Costos de la Arbitrariedad



Buena parte de las municipalidades de las provincias de Pacasmayo y Chepén hacen frente a elevados desembolsos anuales de dinero para poder cumplir con las sentencias derivadas de procesos judiciales de naturaleza diversa. La mayoría son juicios entablados por trabajadores que denunciaron haber sido despedidos arbitrariamente.

Otras deudas provienen de juicios de empresas constructoras a las cuales se les rescinde contratos por causales cuestionables. Hay juicios promovidos por proveedores que prestaron servicios y se les niega el pago por sospecha de pactos irregulares que no llegan a acreditarse.

En todos los casos, el común denominador para concluir en la vía judicial es el incumplimiento de honrar la deuda. Trabajador que se siente afectado por despido arbitrario o proveedor que es burlado y se le desvincula del contrato, sabe que tiene expedita la vía judicial donde ganará. Ganará, porque el Estado –del que forman parte las municipalidades- siempre pierde.

Las municipalidades de San Pedro de Lloc, Pacasmayo, Chepén así como la de Guadalupe arrastran desde gestiones anteriores ese pasivo, al cual han añadido los de su propia cosecha. Esos hechos originan un forado en la economía municipal, pues tiene que, forzosamente, cumplirse con el pago que corresponde a los afectados. Los pueblos son burlados en su derecho a que se administren bien sus recursos presupuestales.

No es posible que se continúe con ese tipo de acciones, botar  a unos para hacer ingresar a quienes apoyaron la campaña electoral, son amiguísimos del alcalde o de los regidores. Cada despido arbitrario tiene un altísimo costo que perjudica a la ciudad.

Lo mismo ocurre en la Junta de Usuarios Jequetepeque donde cada nueva administración que asumía funciones cae en la tentación de despedir a trabajadores que no son de su simpatía; despiden sin que exista motivo, razón por la cual los agraviados concurren a la instancia pertinente y ganan.

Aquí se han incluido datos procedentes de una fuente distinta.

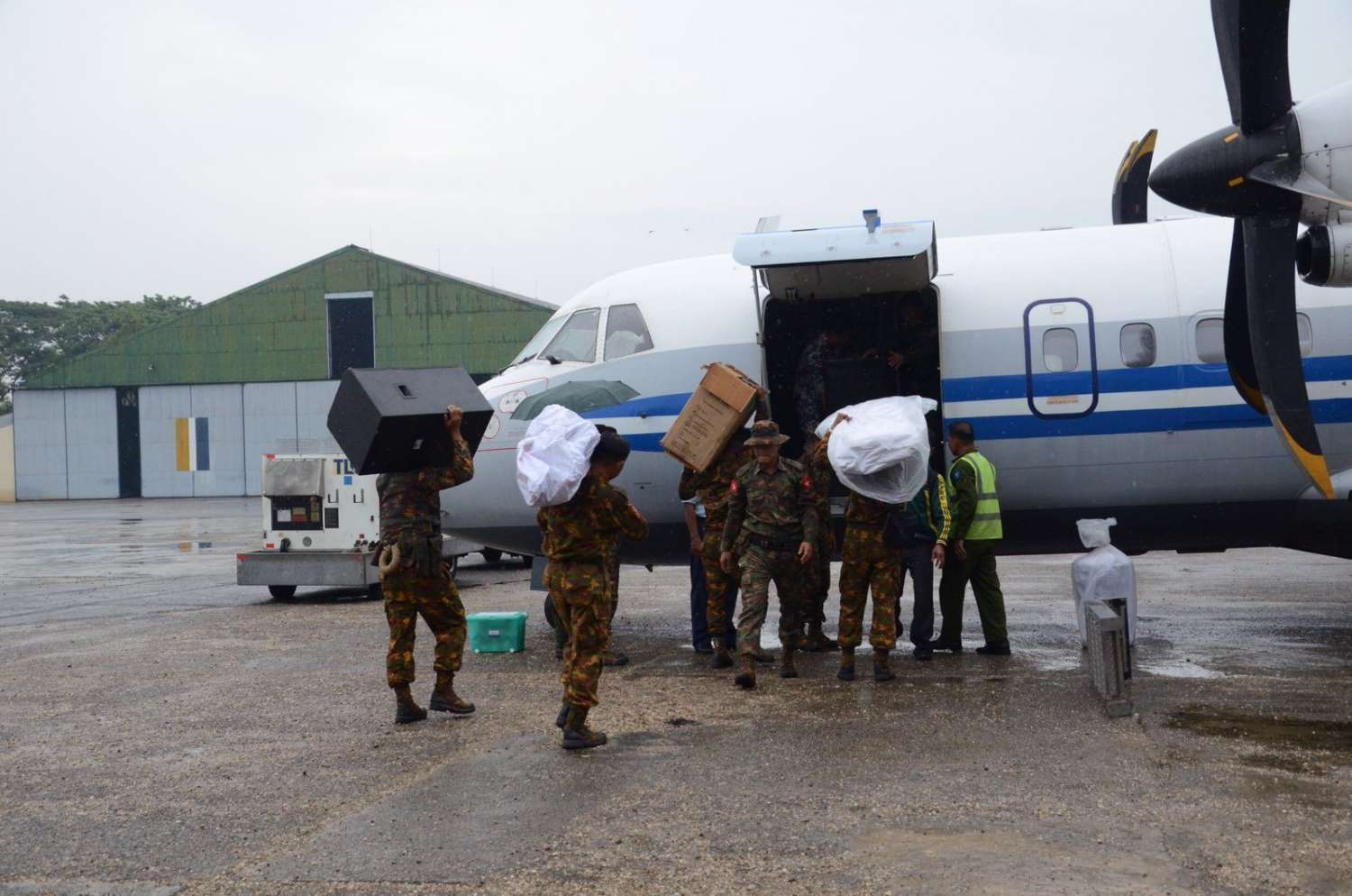 သဘာဝဘေးဒဏ်သင့်ဒေသများရှိ ပြည်သူများအတွက် ကယ်ဆယ်ရေးပစ္စည်းများကို တပ်မတော်(လေ)မှ လေယာဉ်/ရဟတ်ယာဉ်များဖြင့် အချိန်နှင့်တစ်ပြေးညီ ပို့ဆောင်ပေးလျက်ရှိရာ ယနေ့အချိန်ထိ ထောက်ပံ့ရေးပစ္စည်း ၄၇၆.၄ တန်၊ ပြန်လည်ထူထောင်ရေးလုပ်ငန်းများတွင် ကူညီဆောင်ရွက်ပေးကြမည့် တပ်မတော်သားများနှင့် ဌာနဆိုင်ရာ ဝန်ထမ်း ၃၁၉၁ ဦးတို့အား ပို့ဆောင်ပေးနိုင်ခဲ့ကြောင်းနှင့် လေဆိပ်များသို့ရောက်ရှိသည့် ကယ်ဆယ်ရေးပစ္စည်းများအား မုန်တိုင်းဒဏ်သင့်ဒေသများသို့ ရဟတ်ယာဉ်များဖြင့် ဆက်လက်ပေးပို့ဖြန့်ဖြူးလျက်ရှိကြောင်းနှင့် အဆိုပါတပ်မတော်လေယာဉ်/ရဟတ်ယာဉ်များဖြင့် ပို့ဆောင်ပေးလျက်ရှိသော ပစ္စည်းများကို တာဝန်ရှိသူများက လက်ခံရယူပေးကြကြောင်း သတင်းရရှိသည်။

Obtienen fallos judiciales que les reconocen pago de sus derechos, intereses y otros conceptos que suman elevadas cantidades según el caso, lo cual se agrava por no existir nada que justifique la arbitrariedad.

Cuánto dinero se ha perdido, se pierde y se seguirá perdiendo por la mala actuación de autoridades de turno. Son hechos que no deberían quedar como solo actos de prepotencia y abuso, sino que debería sancionarse a quienes resulten responsables de su comisión. No debe continuar esa corriente de impunidad de botar por botar, afectar la economía de la institución que gobiernan y los autores de la arbitrariedad -responsables del agravio económico- queden sin castigo. Despilfarran los dineros que se les encarga cuidar, lo cual deberían hacer escrupulosa y responsablemente bien.

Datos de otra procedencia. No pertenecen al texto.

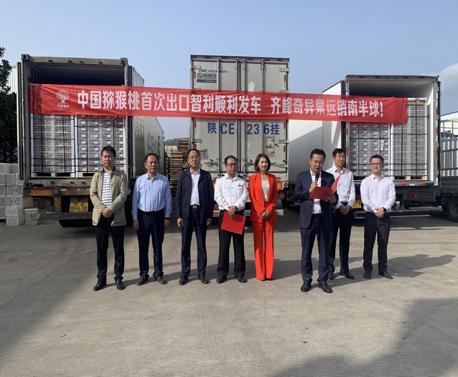 9月23日,第九届中国(国际)猕猴桃产业发展大会举办期间,陕西首批猕猴桃从宝鸡市国家级(眉县)猕猴桃产业园区发往智利,开启了中国猕猴桃出口南美洲的新篇章。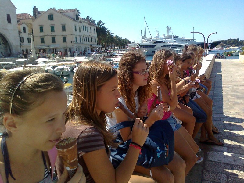 Kao nagradu za ovakav rad naša župa ih je odvela na jednodnevni izlet na Hvar 10. kolovoza 2011. Posjetili smo benediktinski samostan i razgovarale sa sestrama benediktinkama koje su nam govorile o svojoj prošlosti, o svome načinu života, te o čipki od agave koju izrađuju. Potom smo posjetili hvarsku katedralu i muzej gdje nas je dočekao mons. Slobodan Štambuk, hvarsko bračko viški biskup, i ugodno nas obradovao svojim govorom i darovima. Bile smo također i u franjevačkom samostanu. Naš vodić bio je hvarski kapelan don Pave Gospodnetić. Šetale smo rivom, osvježile se sladoledom, te bile na bogatom objedu, a poslijepodne smo okušale i kupanje na moru. Vidjele smo rijeku turista koji dolaze na Har kako bi uživali u letnim odmoru. Hvala dragom Bogu na ovako lijepom izletu kojega preporučamo svima koji nisu bili na Hvaru. Također hvala našem župniku don Nikoli Berišiću koji nam je omogućio ovaj izlet.

Debería legislarse sobre el particular para establecer responsabilidades y obligar al resarcimiento a los que provoquen ese enorme perjuicio económico a sus pueblos y a sus instituciones. Se debería obligar a que, establecida la arbitrariedad, las consecuencias deberían asumirla con su propio patrimonio o en todo caso seguirles un proceso sancionador para inhabilitarlos de por vida. No merecen la confianza que se les concedió al elegirlos.